» THE TASK
Return an exact copy of the entries, skipping any picture you find.

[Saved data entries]

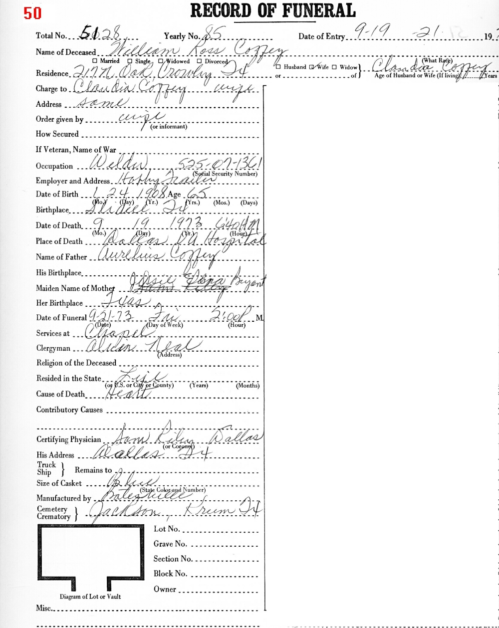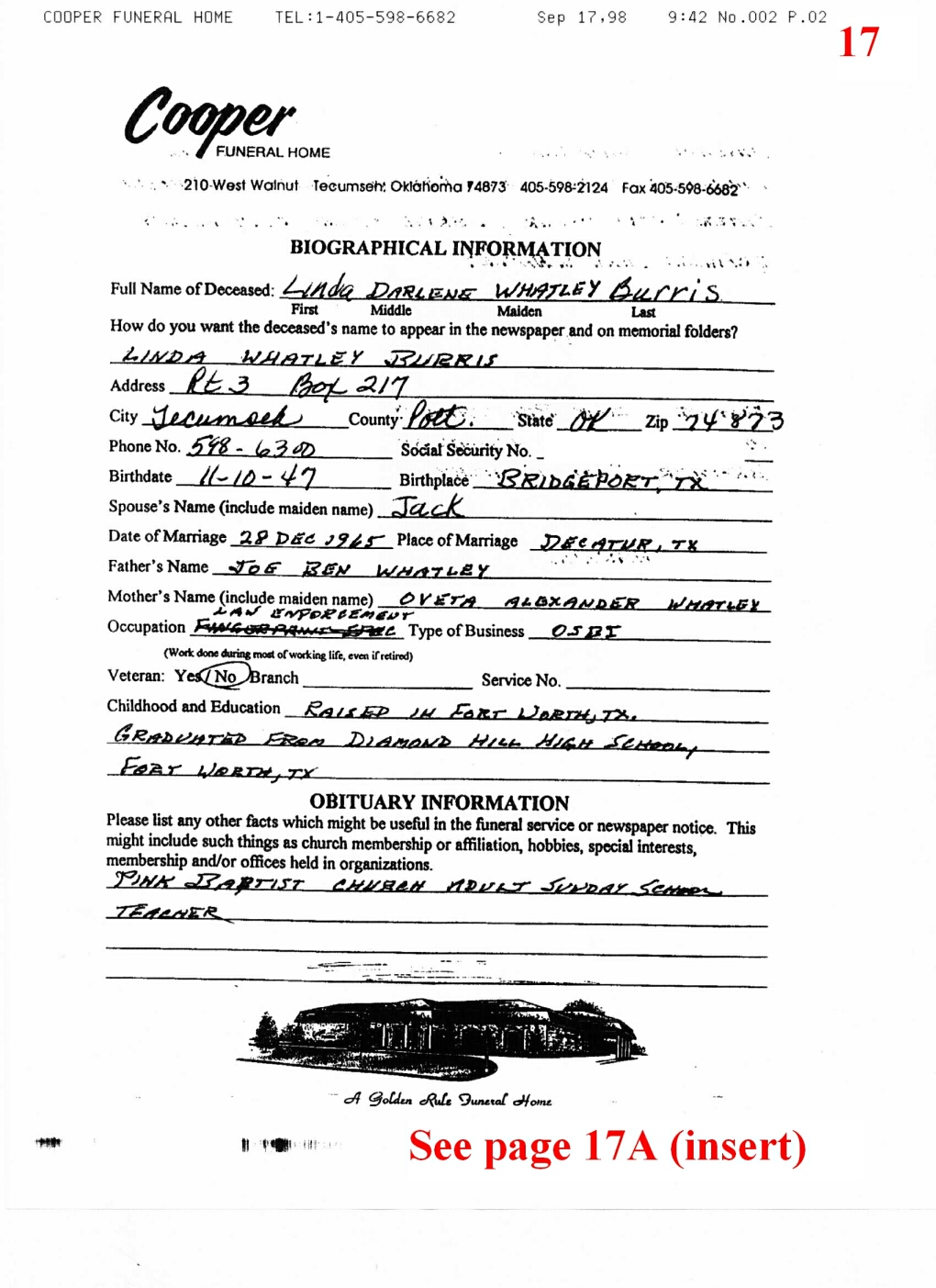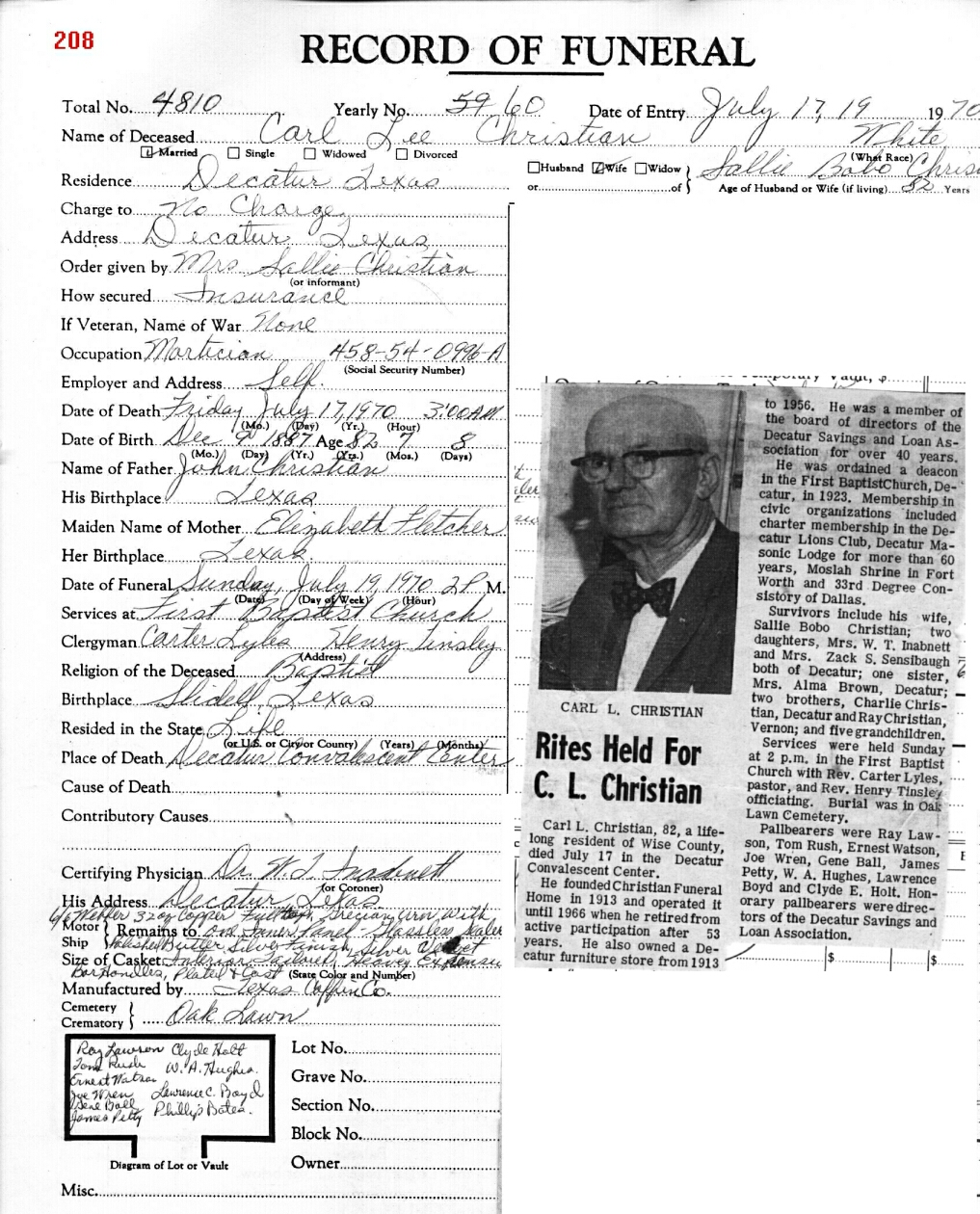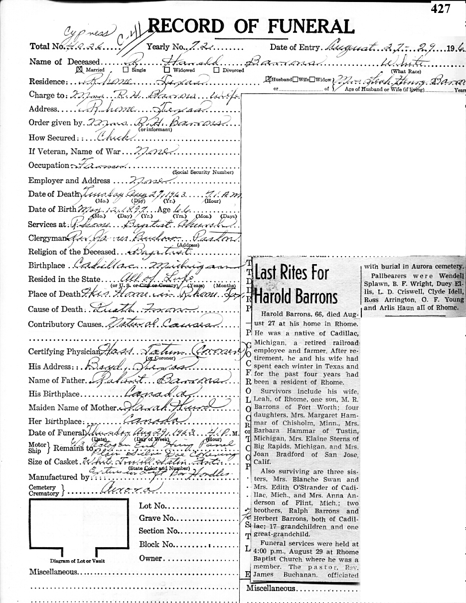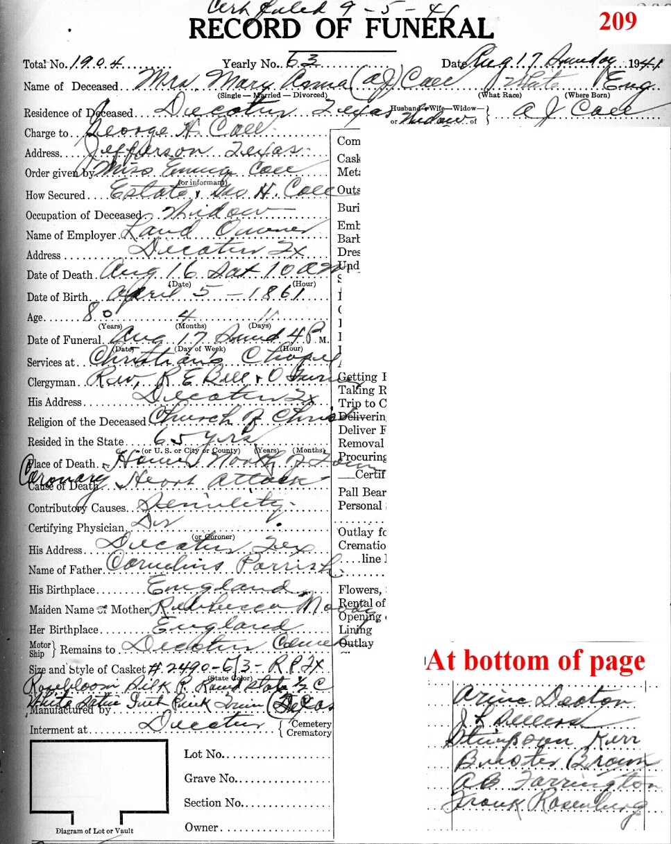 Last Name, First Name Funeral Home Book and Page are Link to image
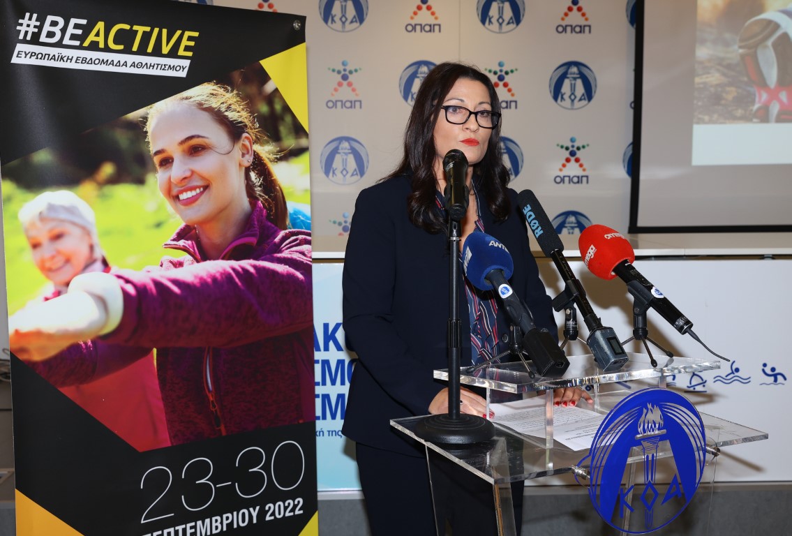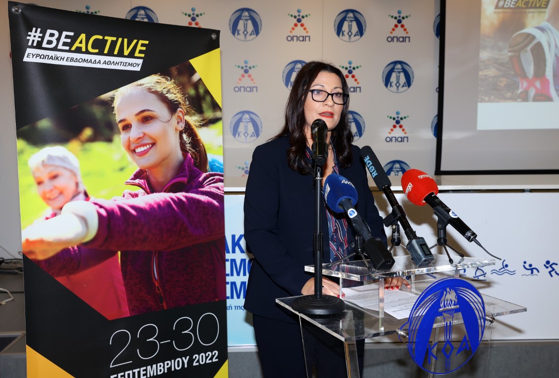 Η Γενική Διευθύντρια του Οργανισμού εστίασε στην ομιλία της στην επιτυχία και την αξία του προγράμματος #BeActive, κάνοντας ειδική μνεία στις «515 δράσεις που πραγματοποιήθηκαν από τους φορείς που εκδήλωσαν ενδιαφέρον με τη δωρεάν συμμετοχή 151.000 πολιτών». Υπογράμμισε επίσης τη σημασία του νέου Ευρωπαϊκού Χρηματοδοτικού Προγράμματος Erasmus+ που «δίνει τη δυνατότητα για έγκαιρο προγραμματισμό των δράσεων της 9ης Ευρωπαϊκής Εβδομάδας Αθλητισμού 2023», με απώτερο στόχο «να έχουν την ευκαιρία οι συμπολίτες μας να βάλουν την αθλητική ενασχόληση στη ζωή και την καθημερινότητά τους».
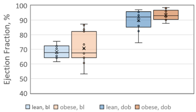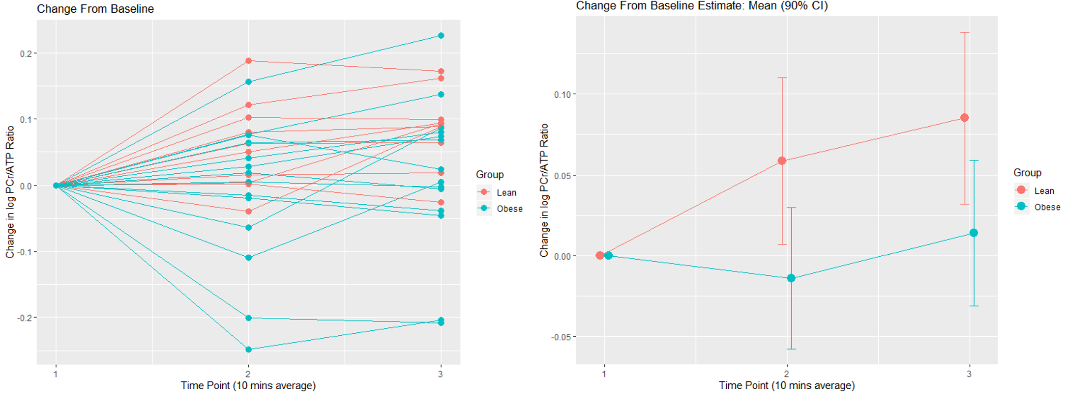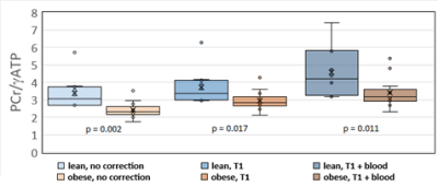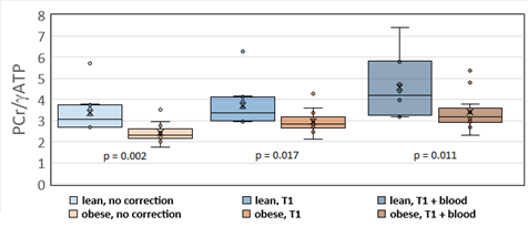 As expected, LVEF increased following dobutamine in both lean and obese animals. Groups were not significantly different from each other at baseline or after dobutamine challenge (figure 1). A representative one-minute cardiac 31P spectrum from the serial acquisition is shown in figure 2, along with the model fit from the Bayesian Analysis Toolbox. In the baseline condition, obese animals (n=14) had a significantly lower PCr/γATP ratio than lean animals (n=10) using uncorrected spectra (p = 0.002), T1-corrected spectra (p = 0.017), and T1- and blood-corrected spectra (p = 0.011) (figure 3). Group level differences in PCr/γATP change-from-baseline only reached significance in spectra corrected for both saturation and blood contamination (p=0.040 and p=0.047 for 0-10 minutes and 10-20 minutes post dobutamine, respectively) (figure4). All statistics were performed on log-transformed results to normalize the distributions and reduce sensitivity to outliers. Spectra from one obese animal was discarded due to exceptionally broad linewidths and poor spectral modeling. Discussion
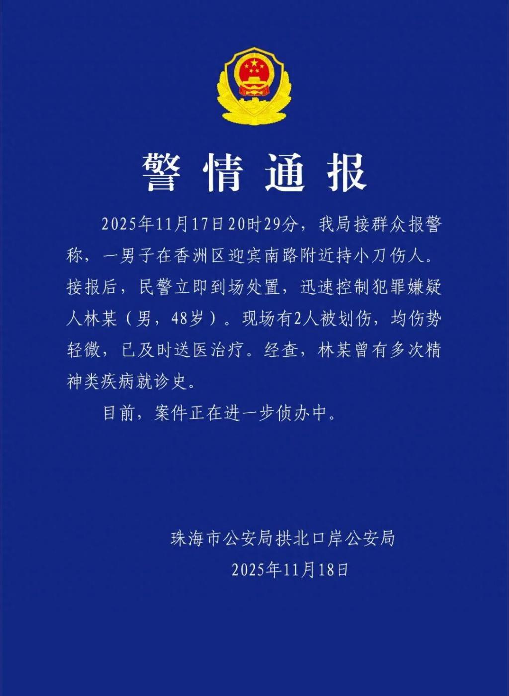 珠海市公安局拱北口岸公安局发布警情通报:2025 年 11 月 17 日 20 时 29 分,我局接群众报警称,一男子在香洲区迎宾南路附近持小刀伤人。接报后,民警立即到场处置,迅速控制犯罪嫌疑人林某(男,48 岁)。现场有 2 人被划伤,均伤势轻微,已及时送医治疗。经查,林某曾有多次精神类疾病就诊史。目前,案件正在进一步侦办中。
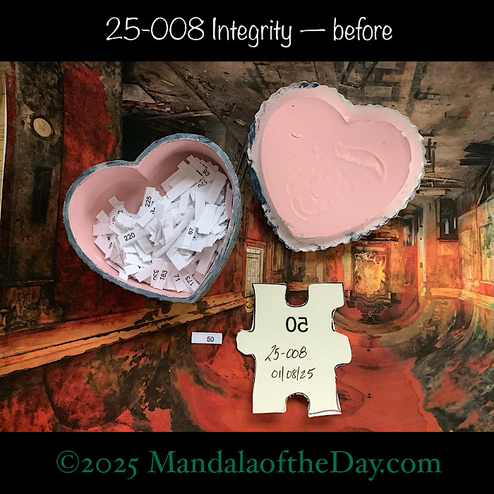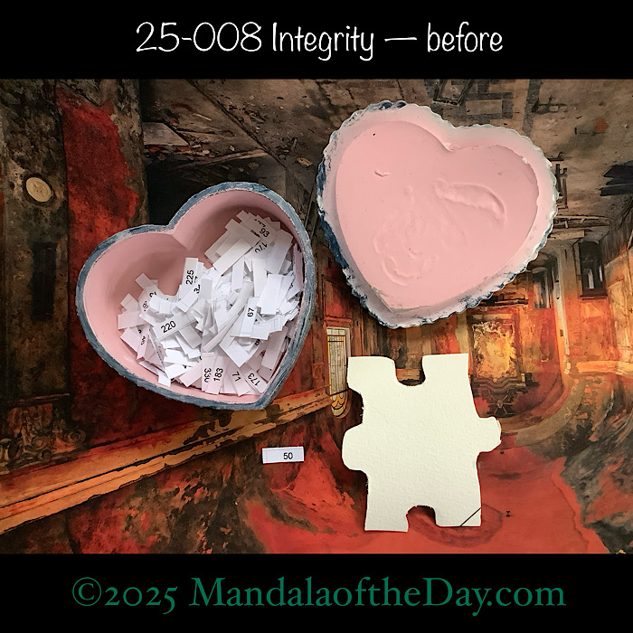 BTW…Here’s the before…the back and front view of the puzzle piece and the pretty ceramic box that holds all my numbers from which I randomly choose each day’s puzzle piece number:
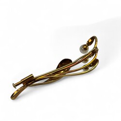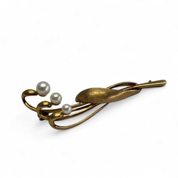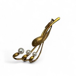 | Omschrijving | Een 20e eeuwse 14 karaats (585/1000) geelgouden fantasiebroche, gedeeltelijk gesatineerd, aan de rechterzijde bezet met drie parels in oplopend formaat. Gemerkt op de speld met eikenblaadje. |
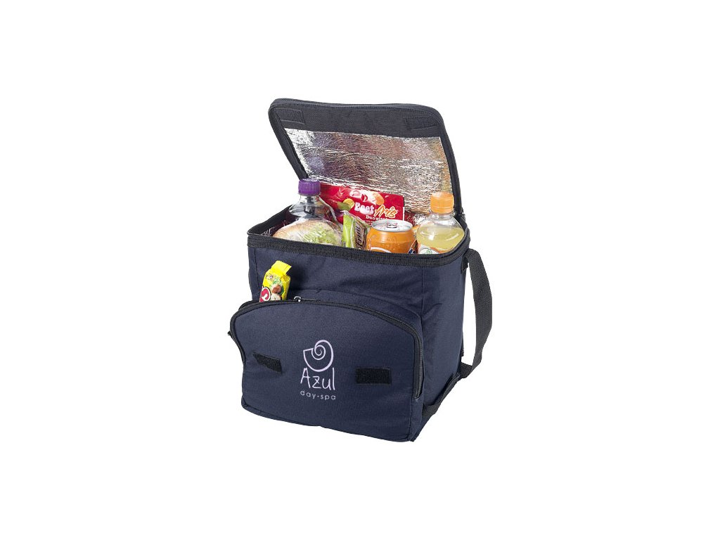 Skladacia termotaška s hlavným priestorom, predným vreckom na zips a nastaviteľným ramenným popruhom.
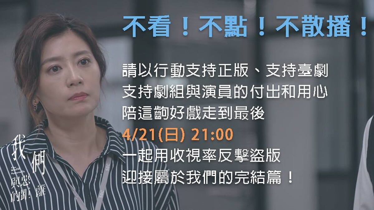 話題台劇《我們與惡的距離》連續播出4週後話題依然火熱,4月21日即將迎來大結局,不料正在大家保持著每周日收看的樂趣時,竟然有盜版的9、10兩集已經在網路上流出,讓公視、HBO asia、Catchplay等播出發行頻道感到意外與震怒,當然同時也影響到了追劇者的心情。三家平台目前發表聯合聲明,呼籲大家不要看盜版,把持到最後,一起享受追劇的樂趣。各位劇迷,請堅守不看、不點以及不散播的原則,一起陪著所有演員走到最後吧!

» COMPLETED EXERCISE
 Last Name, First Name Funeral Home Book and Page are Link to image
 Η Γενική Διευθύντρια του Οργανισμού εστίασε στην ομιλία της στην επιτυχία και την αξία του προγράμματος #BeActive, κάνοντας ειδική μνεία στις «515 δράσεις που πραγματοποιήθηκαν από τους φορείς που εκδήλωσαν ενδιαφέρον με τη δωρεάν συμμετοχή 151.000 πολιτών». Υπογράμμισε επίσης τη σημασία του νέου Ευρωπαϊκού Χρηματοδοτικού Προγράμματος Erasmus+ που «δίνει τη δυνατότητα για έγκαιρο προγραμματισμό των δράσεων της 9ης Ευρωπαϊκής Εβδομάδας Αθλητισμού 2023», με απώτερο στόχο «να έχουν την ευκαιρία οι συμπολίτες μας να βάλουν την αθλητική ενασχόληση στη ζωή και την καθημερινότητά τους».
 As expected, LVEF increased following dobutamine in both lean and obese animals. Groups were not significantly different from each other at baseline or after dobutamine challenge (figure 1). A representative one-minute cardiac 31P spectrum from the serial acquisition is shown in figure 2, along with the model fit from the Bayesian Analysis Toolbox. In the baseline condition, obese animals (n=14) had a significantly lower PCr/γATP ratio than lean animals (n=10) using uncorrected spectra (p = 0.002), T1-corrected spectra (p = 0.017), and T1- and blood-corrected spectra (p = 0.011) (figure 3). Group level differences in PCr/γATP change-from-baseline only reached significance in spectra corrected for both saturation and blood contamination (p=0.040 and p=0.047 for 0-10 minutes and 10-20 minutes post dobutamine, respectively) (figure4). All statistics were performed on log-transformed results to normalize the distributions and reduce sensitivity to outliers. Spectra from one obese animal was discarded due to exceptionally broad linewidths and poor spectral modeling. Discussion
 珠海市公安局拱北口岸公安局发布警情通报:2025 年 11 月 17 日 20 时 29 分,我局接群众报警称,一男子在香洲区迎宾南路附近持小刀伤人。接报后,民警立即到场处置,迅速控制犯罪嫌疑人林某(男,48 岁)。现场有 2 人被划伤,均伤势轻微,已及时送医治疗。经查,林某曾有多次精神类疾病就诊史。目前,案件正在进一步侦办中。
 BTW…Here’s the before…the back and front view of the puzzle piece and the pretty ceramic box that holds all my numbers from which I randomly choose each day’s puzzle piece number:
 | Omschrijving | Een 20e eeuwse 14 karaats (585/1000) geelgouden fantasiebroche, gedeeltelijk gesatineerd, aan de rechterzijde bezet met drie parels in oplopend formaat. Gemerkt op de speld met eikenblaadje. |
 Skladacia termotaška s hlavným priestorom, predným vreckom na zips a nastaviteľným ramenným popruhom.
 話題台劇《我們與惡的距離》連續播出4週後話題依然火熱,4月21日即將迎來大結局,不料正在大家保持著每周日收看的樂趣時,竟然有盜版的9、10兩集已經在網路上流出,讓公視、HBO asia、Catchplay等播出發行頻道感到意外與震怒,當然同時也影響到了追劇者的心情。三家平台目前發表聯合聲明,呼籲大家不要看盜版,把持到最後,一起享受追劇的樂趣。各位劇迷,請堅守不看、不點以及不散播的原則,一起陪著所有演員走到最後吧!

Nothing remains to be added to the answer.